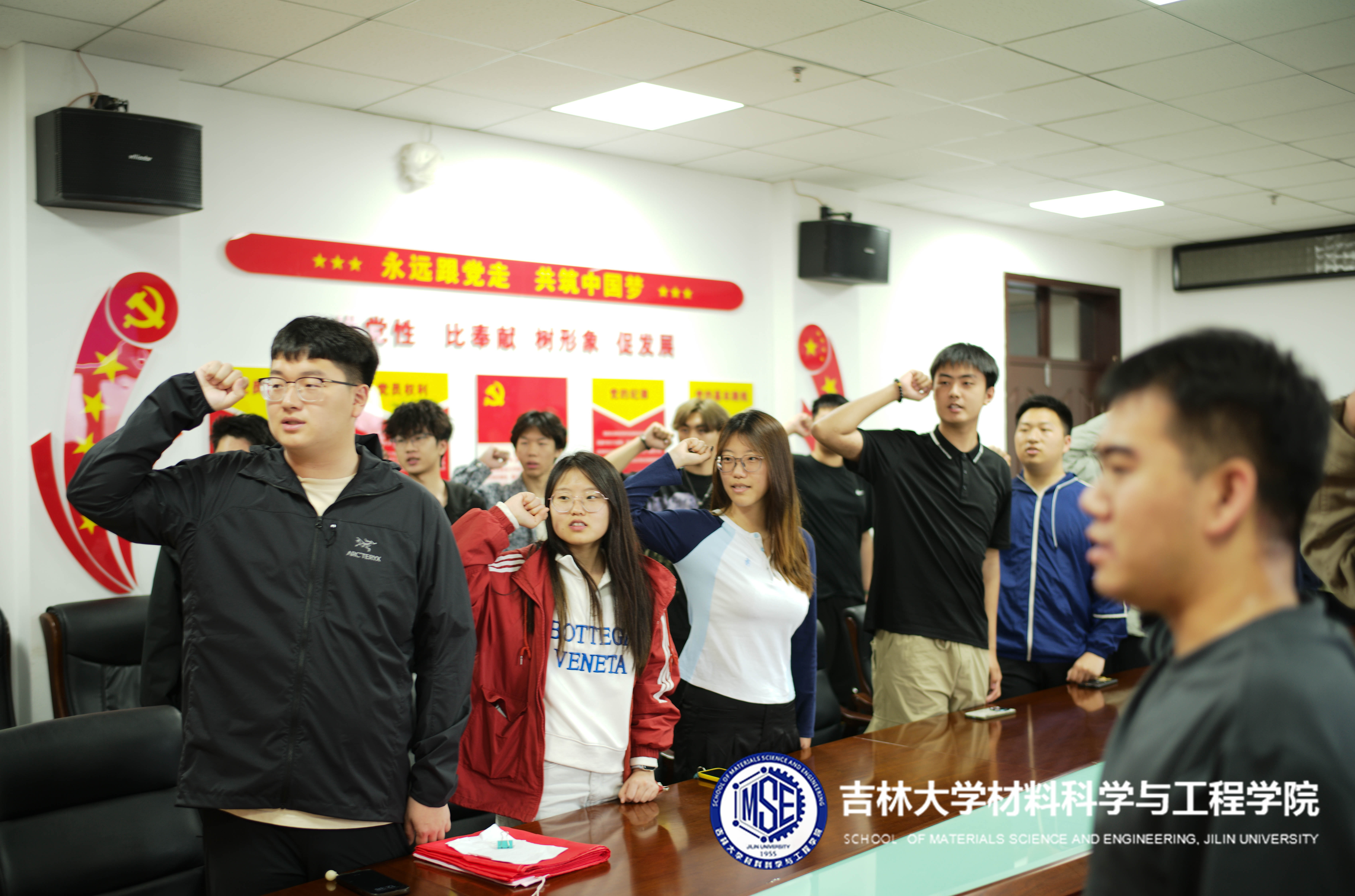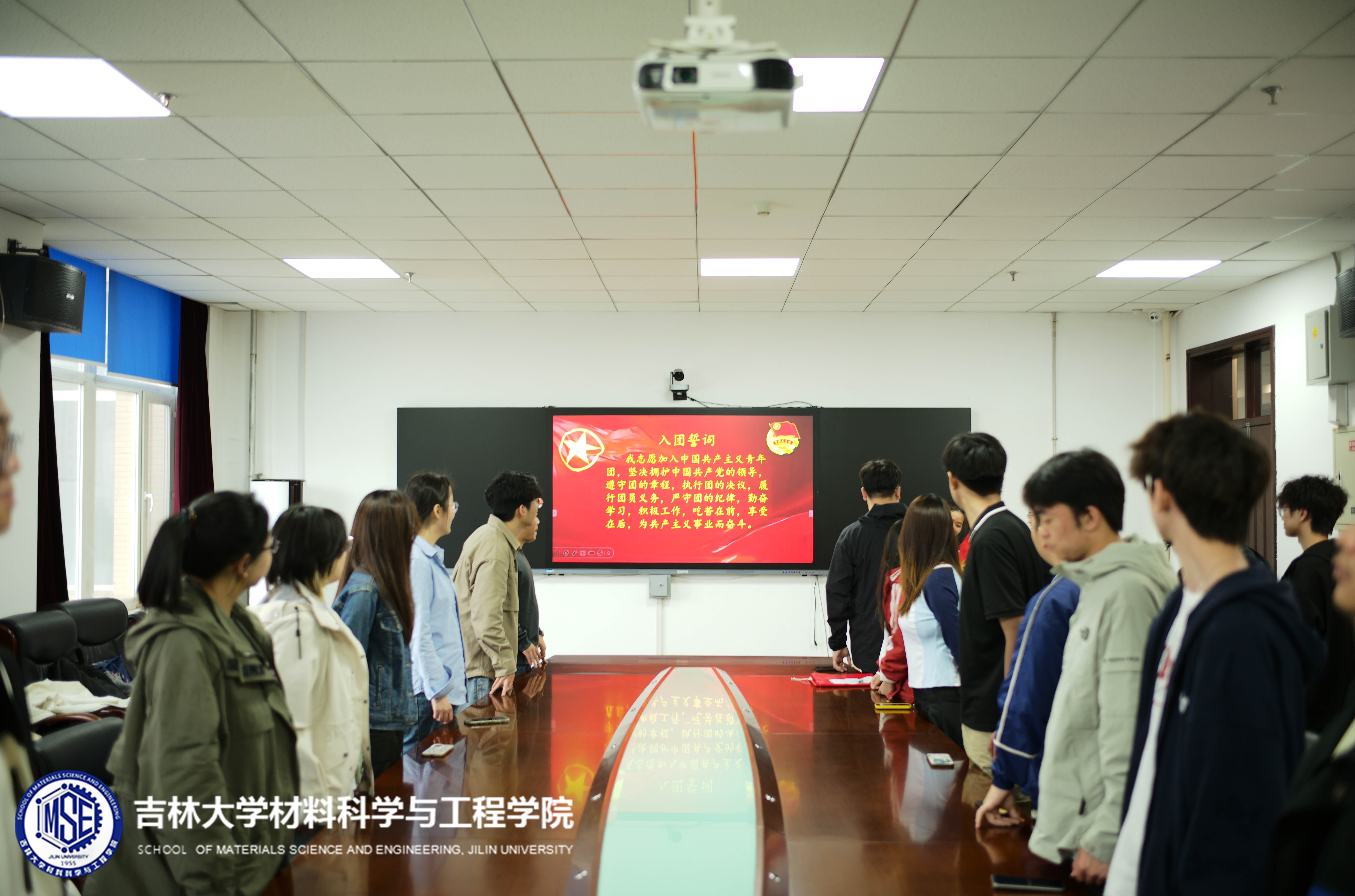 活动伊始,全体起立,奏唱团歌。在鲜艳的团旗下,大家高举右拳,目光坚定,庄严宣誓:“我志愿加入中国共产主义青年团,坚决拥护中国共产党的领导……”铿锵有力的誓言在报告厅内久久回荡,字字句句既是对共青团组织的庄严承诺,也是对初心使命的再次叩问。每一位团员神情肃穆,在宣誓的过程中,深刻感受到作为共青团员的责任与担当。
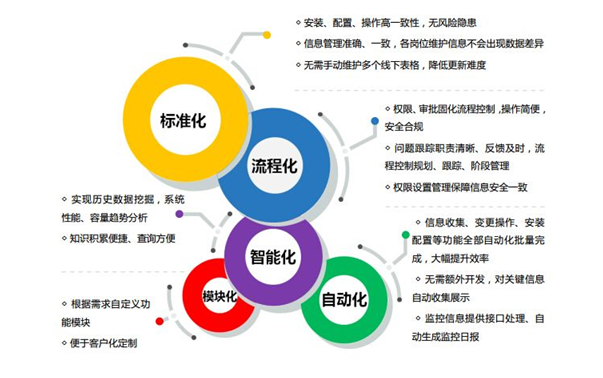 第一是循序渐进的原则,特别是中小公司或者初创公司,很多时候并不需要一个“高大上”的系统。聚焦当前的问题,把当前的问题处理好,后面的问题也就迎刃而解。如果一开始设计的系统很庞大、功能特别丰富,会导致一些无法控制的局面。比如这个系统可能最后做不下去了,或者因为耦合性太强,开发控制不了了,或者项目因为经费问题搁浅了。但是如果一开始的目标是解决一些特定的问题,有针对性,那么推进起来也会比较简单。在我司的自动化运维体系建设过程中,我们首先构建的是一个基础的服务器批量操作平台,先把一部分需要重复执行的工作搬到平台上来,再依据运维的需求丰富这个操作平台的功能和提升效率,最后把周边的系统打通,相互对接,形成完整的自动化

---

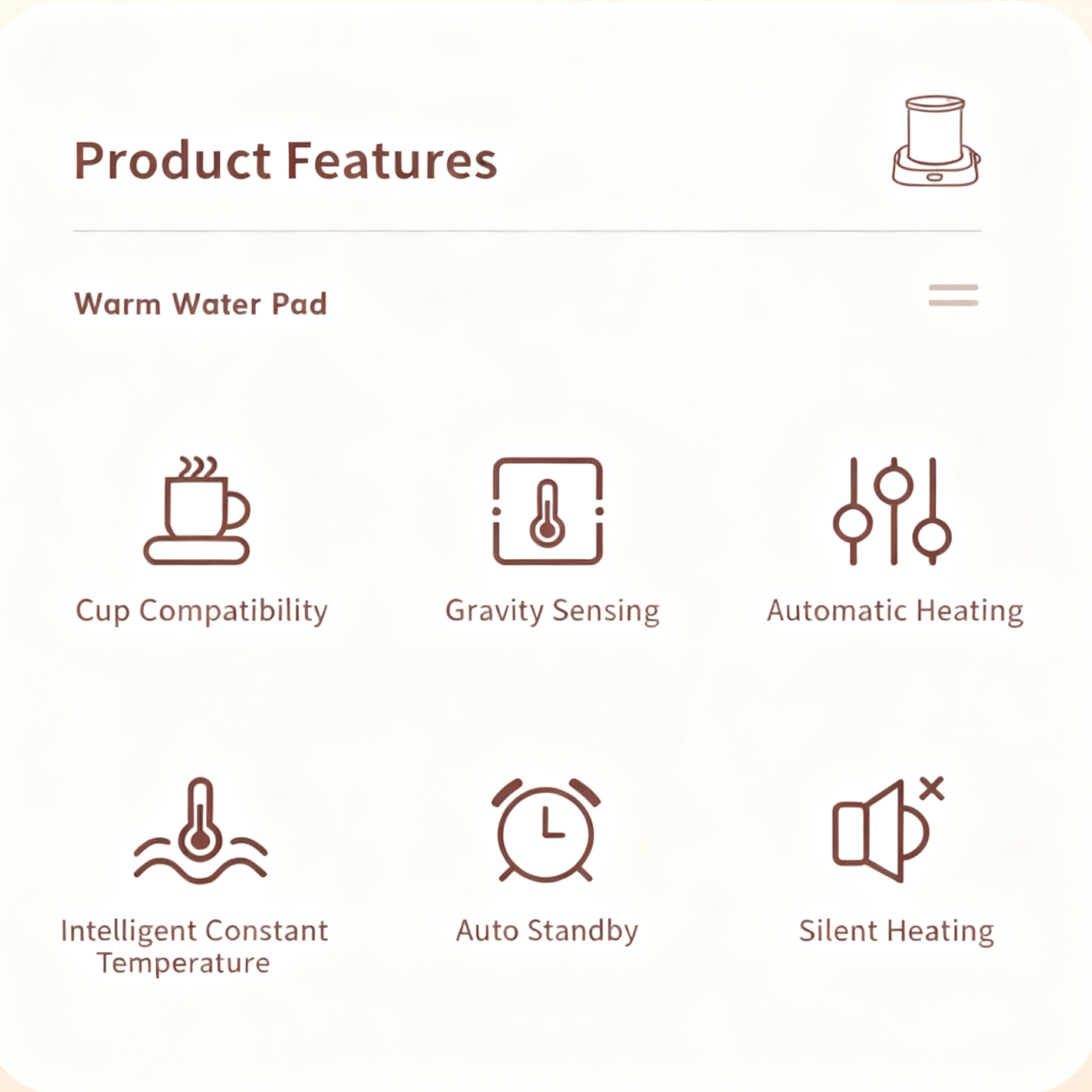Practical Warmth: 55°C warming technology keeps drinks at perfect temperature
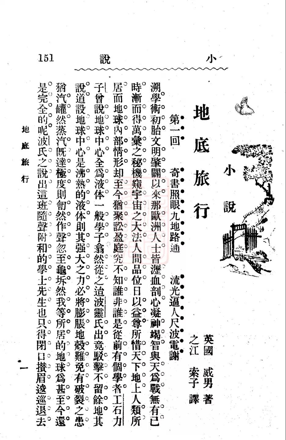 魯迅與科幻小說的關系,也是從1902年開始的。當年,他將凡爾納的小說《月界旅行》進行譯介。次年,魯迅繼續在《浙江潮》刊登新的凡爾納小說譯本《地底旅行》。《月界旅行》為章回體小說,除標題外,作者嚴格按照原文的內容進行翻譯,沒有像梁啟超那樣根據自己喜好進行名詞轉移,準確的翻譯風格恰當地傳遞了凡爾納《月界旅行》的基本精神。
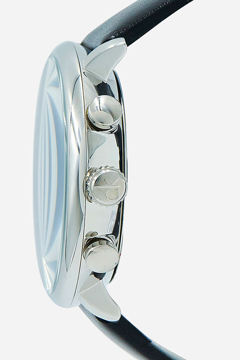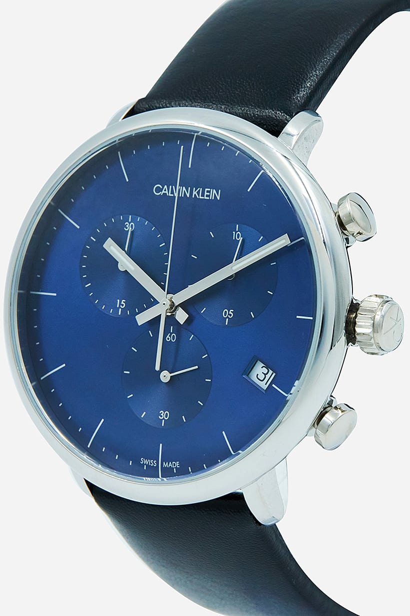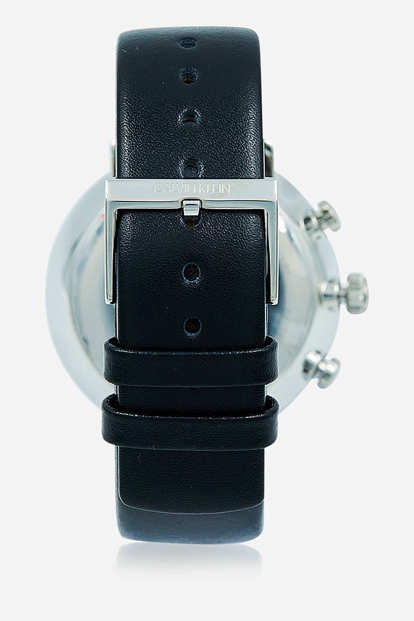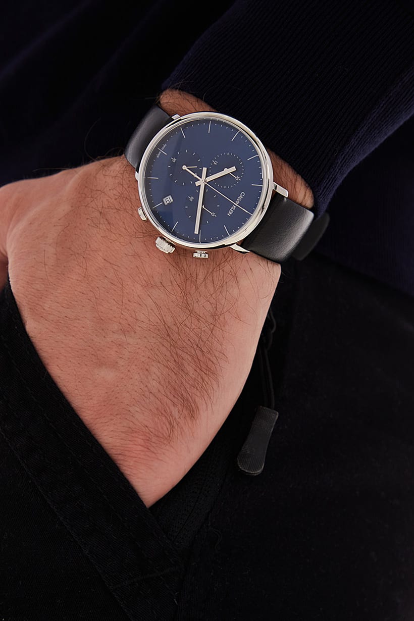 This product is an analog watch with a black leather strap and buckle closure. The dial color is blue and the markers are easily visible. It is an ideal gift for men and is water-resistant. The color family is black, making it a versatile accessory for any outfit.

▸ What you will do
Once the line with "魯迅與科幻小說的關系,也是從" is found above, transcribe each line from it through the line with "This product is", exactly, and omit the pictures.

▸ Completed exercise
 魯迅與科幻小說的關系,也是從1902年開始的。當年,他將凡爾納的小說《月界旅行》進行譯介。次年,魯迅繼續在《浙江潮》刊登新的凡爾納小說譯本《地底旅行》。《月界旅行》為章回體小說,除標題外,作者嚴格按照原文的內容進行翻譯,沒有像梁啟超那樣根據自己喜好進行名詞轉移,準確的翻譯風格恰當地傳遞了凡爾納《月界旅行》的基本精神。
 This product is an analog watch with a black leather strap and buckle closure. The dial color is blue and the markers are easily visible. It is an ideal gift for men and is water-resistant. The color family is black, making it a versatile accessory for any outfit.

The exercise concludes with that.